Retype, exactly as they stand, the lines from the start of the data to the line that contains "8月2日,湖南省湘西州公共資", both ends included. Leave the pictures out.
+++ Information shown +++
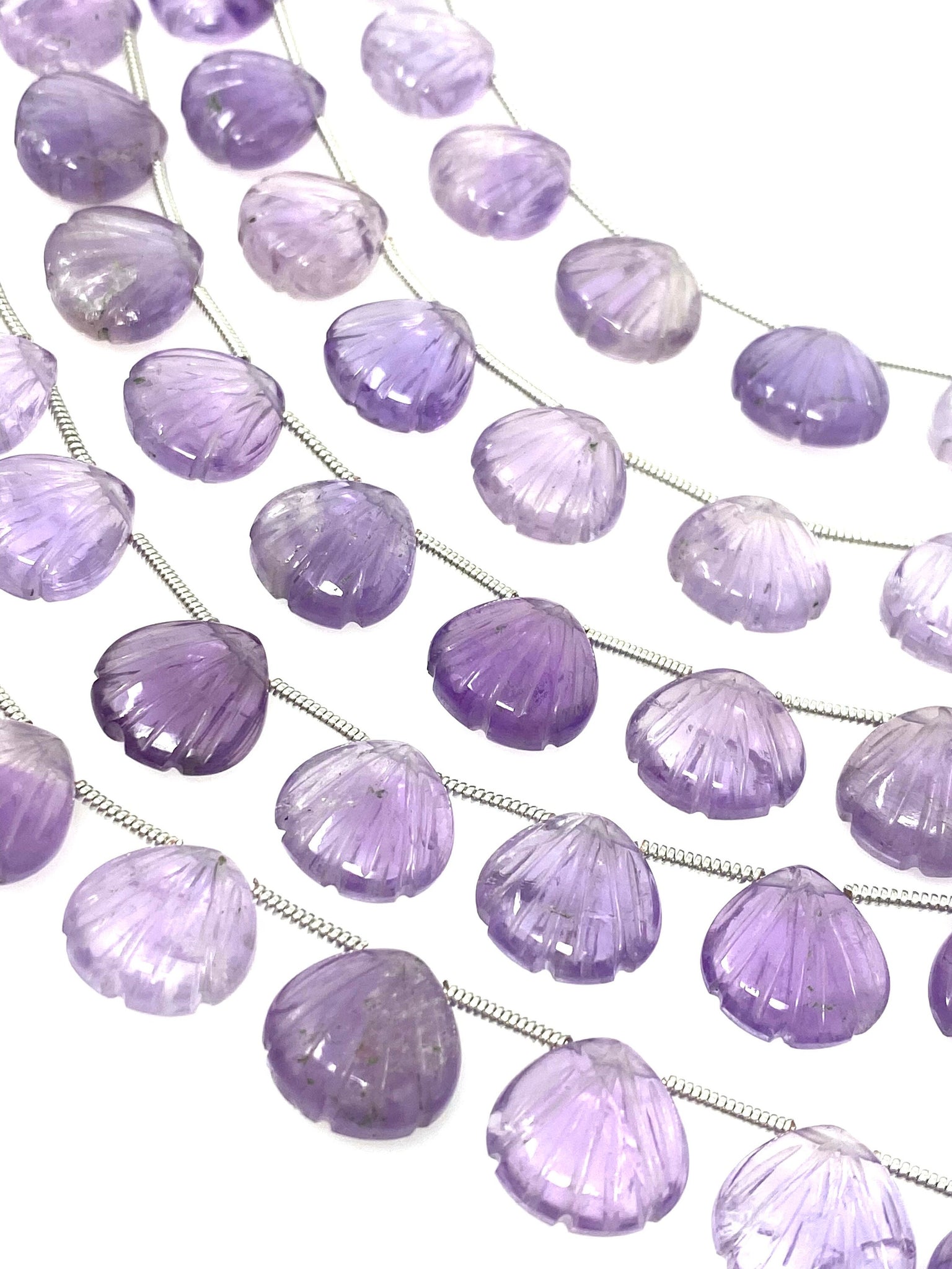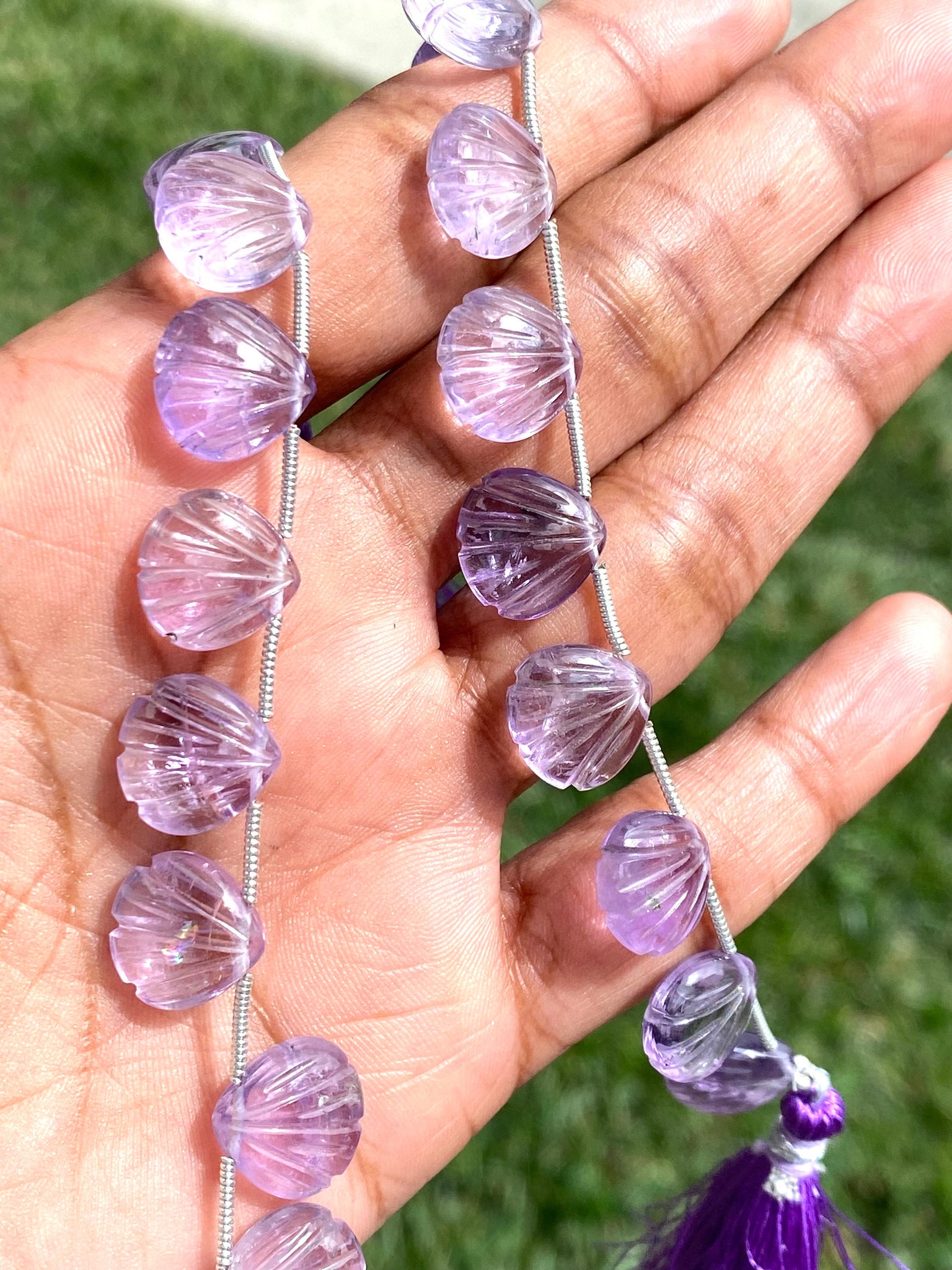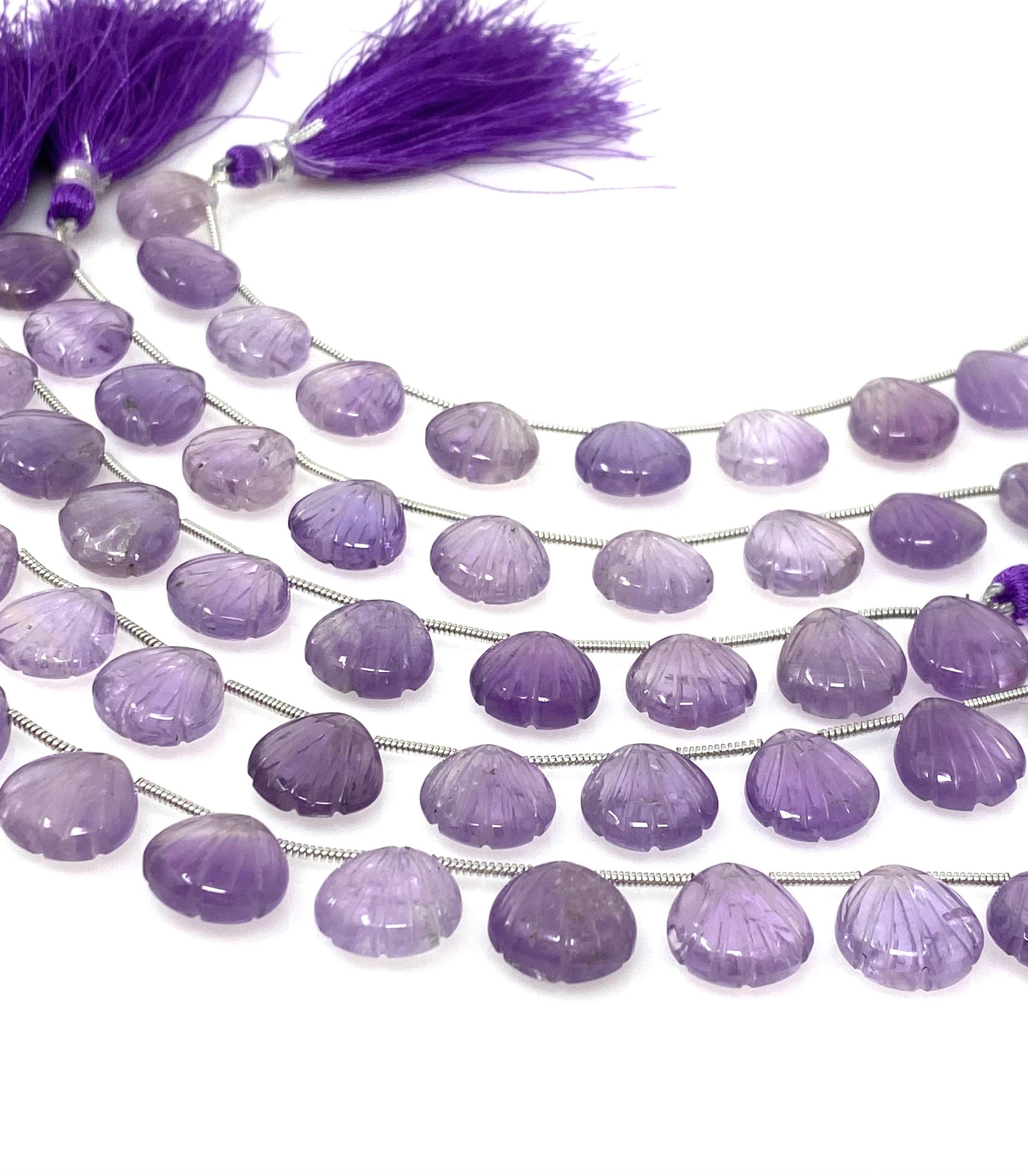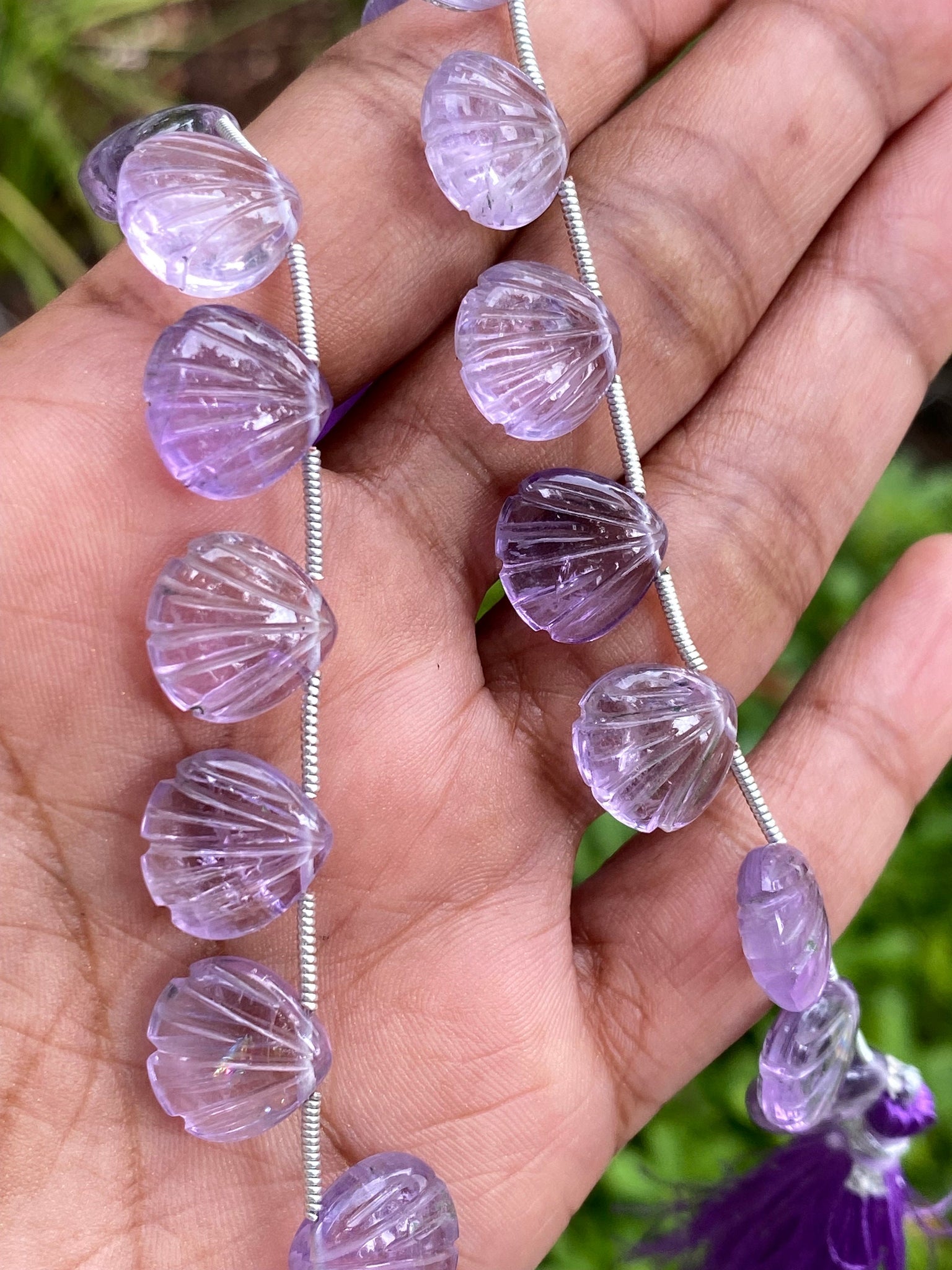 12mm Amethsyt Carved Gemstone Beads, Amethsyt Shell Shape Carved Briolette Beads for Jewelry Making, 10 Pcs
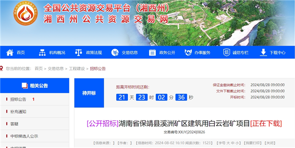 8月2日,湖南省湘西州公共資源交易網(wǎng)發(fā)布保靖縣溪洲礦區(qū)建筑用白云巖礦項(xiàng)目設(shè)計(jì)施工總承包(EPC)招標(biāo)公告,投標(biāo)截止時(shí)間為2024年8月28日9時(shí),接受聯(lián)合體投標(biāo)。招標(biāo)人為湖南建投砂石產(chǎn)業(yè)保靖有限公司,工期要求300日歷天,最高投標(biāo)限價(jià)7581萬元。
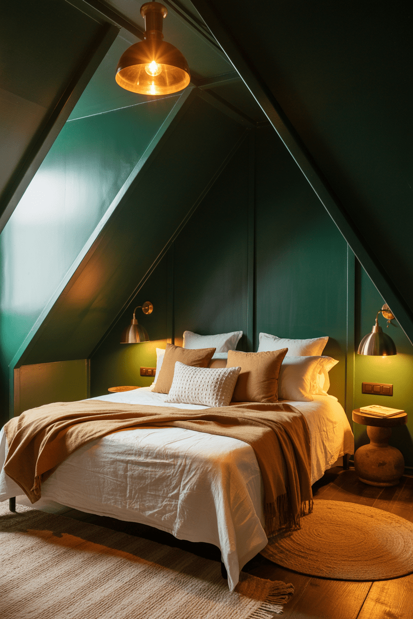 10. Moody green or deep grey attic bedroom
+++
Answer area –
 12mm Amethsyt Carved Gemstone Beads, Amethsyt Shell Shape Carved Briolette Beads for Jewelry Making, 10 Pcs
 8月2日,湖南省湘西州公共資源交易網(wǎng)發(fā)布保靖縣溪洲礦區(qū)建筑用白云巖礦項(xiàng)目設(shè)計(jì)施工總承包(EPC)招標(biāo)公告,投標(biāo)截止時(shí)間為2024年8月28日9時(shí),接受聯(lián)合體投標(biāo)。招標(biāo)人為湖南建投砂石產(chǎn)業(yè)保靖有限公司,工期要求300日歷天,最高投標(biāo)限價(jià)7581萬元。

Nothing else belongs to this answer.